Modified: pypy/build/doc/benchmark_memory.txt
==============================================================================
--- pypy/build/doc/benchmark_memory.txt	(original)
+++ pypy/build/doc/benchmark_memory.txt	Thu Sep 11 18:51:16 2008
@@ -1,5 +1,14 @@
+===============================================
+Benchmarking Memory usage of Python/PyPy 
+===============================================
+
+$Id$
 
-XXX draft doc, needs discussion, review
+XXX this is a draft incomplete document
+XXX next step is to lay out and write
+XXX the benchmarking infrastructure and
+XXX to incrementally complete and update
+XXX the document
 
 what we want to measure
 ===============================================
@@ -59,8 +68,8 @@
   * an app involving c-extensions? 
   * ask around on pypy-dev for example apps 
 
-Interpreters 
----------------
+Interpreter instances to consider for measurement
+----------------------------------------------------
 
 * CPython 2.5  
 * pypy-c --opt=mem
@@ -69,6 +78,11 @@
 We want to select and optimize good underlying settings for 
 PyPy's choices regarding "--opt=mem". 
 
+XXX consider more specific target environments 
+
+Implementation 
+===========================
+
 Measuring memory usage
 ------------------------
 
@@ -90,37 +104,14 @@
 swapping.  When Y and Z agree, we found a good way to measure
 memory usage.
 
-notes about memory-saving GCs
-===============================
-
-XXX go into more detail, discuss which pypy GCs we want to try
-XXX [fijal] I think both approaches are worth trying. We need to see
-    how they behave or try to think how much memory it'll be needed for
-    a GC header. note that deferred refcounting without nursery is needed
-    for deferred refcounting with nursery (just because it's easier to have
-    this in steps). We also want to consider impacts of fragmentation and
-    how underlaying C library handles stuff (ie do we use obmalloc or no.

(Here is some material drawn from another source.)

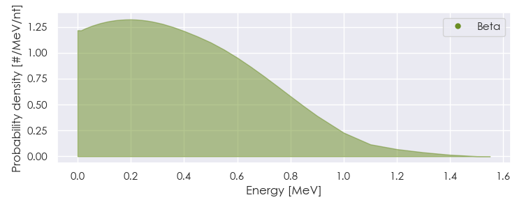 Spectra source: ICRP Publication 107: Nuclear Decay Data for Dosimetric Calculations. Ann. ICRP 2008, 38 (3).
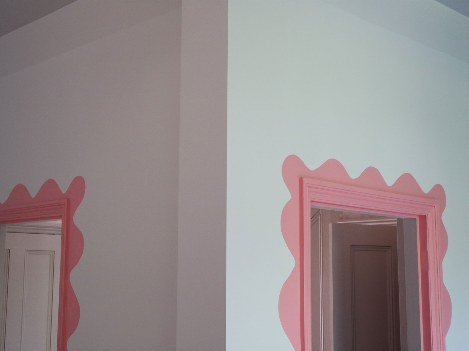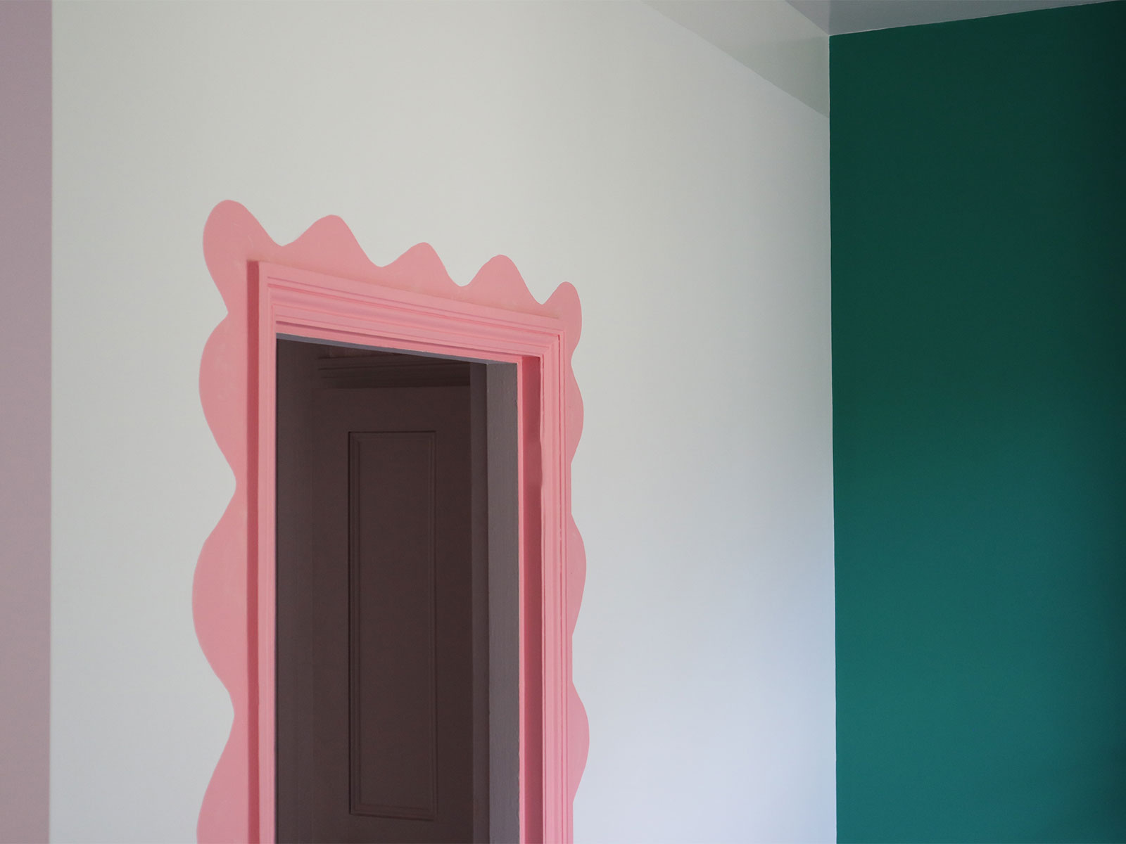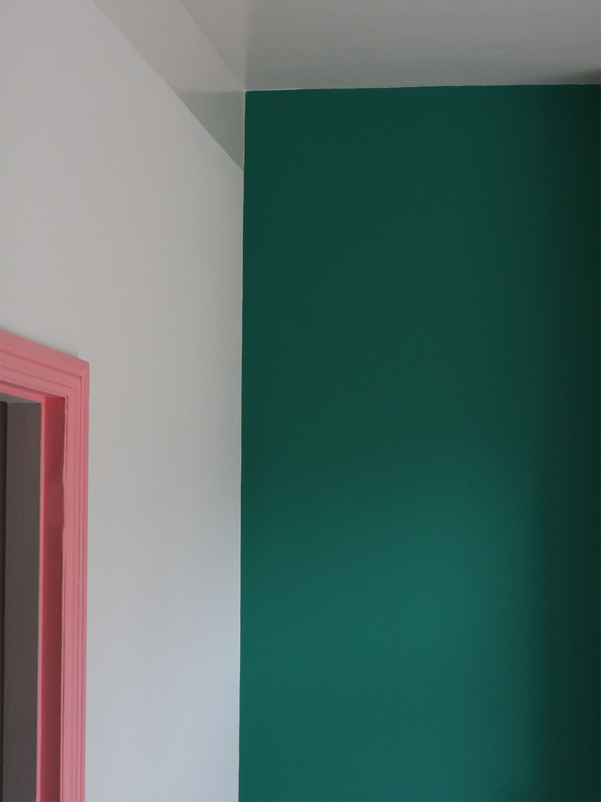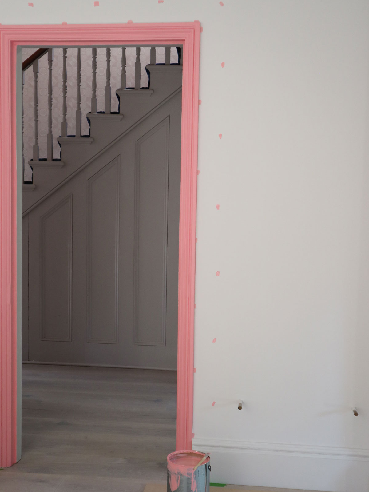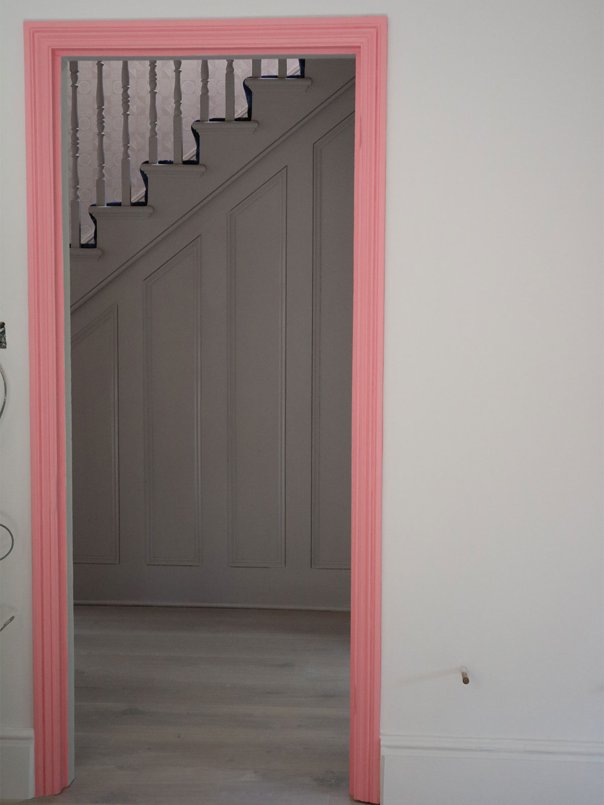 We took inspiration from the Bloomsbury group and from Ettore Sottsass. The pink also feels right at home as the whole hallway was painted this colour when we first bought the house. We are bringing back those roots in our own way. It is a pink from the Mylands Film, Television and Theatre range – FTT005.

-    does it return memory to the OS or no for small objects etc.)
-
-* squeak-like mark-compact collector
-
-* deferred refcounting strategy
-
-* deferred refcounting with a nursery
-
-
-Implementation 
-===========================
-
 Understanding linux /proc/pid/smaps info
 -------------------------------------------
 
 XXX please review, correct, complete so we get to a shared good understanding
 
-The most detailed info apparently is provided 
-by /proc/PID/smaps, starting from linux 2.6.14. 

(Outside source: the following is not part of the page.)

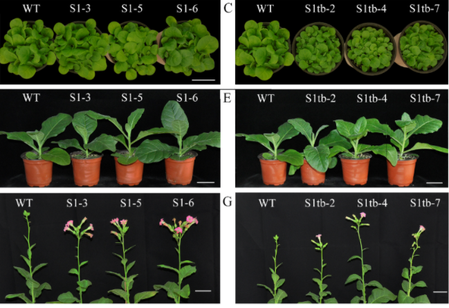 圖1. 梅花 P mSBP1 和 P mSBP1tb 基因在煙草中過(guò)表達(dá)表型 圖2. 梅花 P mSBP6 基因在煙草中過(guò)表達(dá)表型 圖3. 梅花PmSBP1與 P mSOC1s 啟動(dòng)子互作 通過(guò)對(duì)轉(zhuǎn)基因煙草中開(kāi)花相關(guān)基因定量分析發(fā)現(xiàn), 本研究系統(tǒng)研究了梅花 PmSBP1 / 6 基因生物學(xué)功能, 而 P mSBP1tb 的過(guò)表達(dá)調(diào)控開(kāi)花不受光周期的影響

-Here is an example output of running
-"python2.5" on a linux 2.6.24 ubuntu machine::
+The most detailed info is provided by /proc/PID/smaps, 
+starting from linux 2.6.14.  Here is an example output 
+of running "python2.5" on a linux 2.6.24 ubuntu machine::
 
 
     08048000-08140000 r-xp 00000000 08:01 89921      /usr/bin/python2.5
@@ -200,25 +191,10 @@
 and measure memory foot print - producing data that can
 be parsed back and used for producing graphs, tables etc. 
 
-See also tools for maemo: 
+Cross-Check also for tools against maemo: 
 
 http://maemo.org/development/tools/doc/diablo/sp-smaps-measure/
 http://maemo.org/development/tools/doc/diablo/sp-memusage/
 
-
-XXX NOTES XXXX
------------------
-notes on scenarios from fijal which need to be checked if they
-are sufficiently reflected in the above sections. 
-
-1. Measure private memory when no other interpreter's
-   process exist.
-
-2. Measure private memory with another interprerter running at the same time. 
-
-3. Measure amount of private memory owned by process that was forked from
-   other interpreter process.
-
-4. Measure total RAM usage/RSS size in case process is running vs
-   total RAM usage when process is not running.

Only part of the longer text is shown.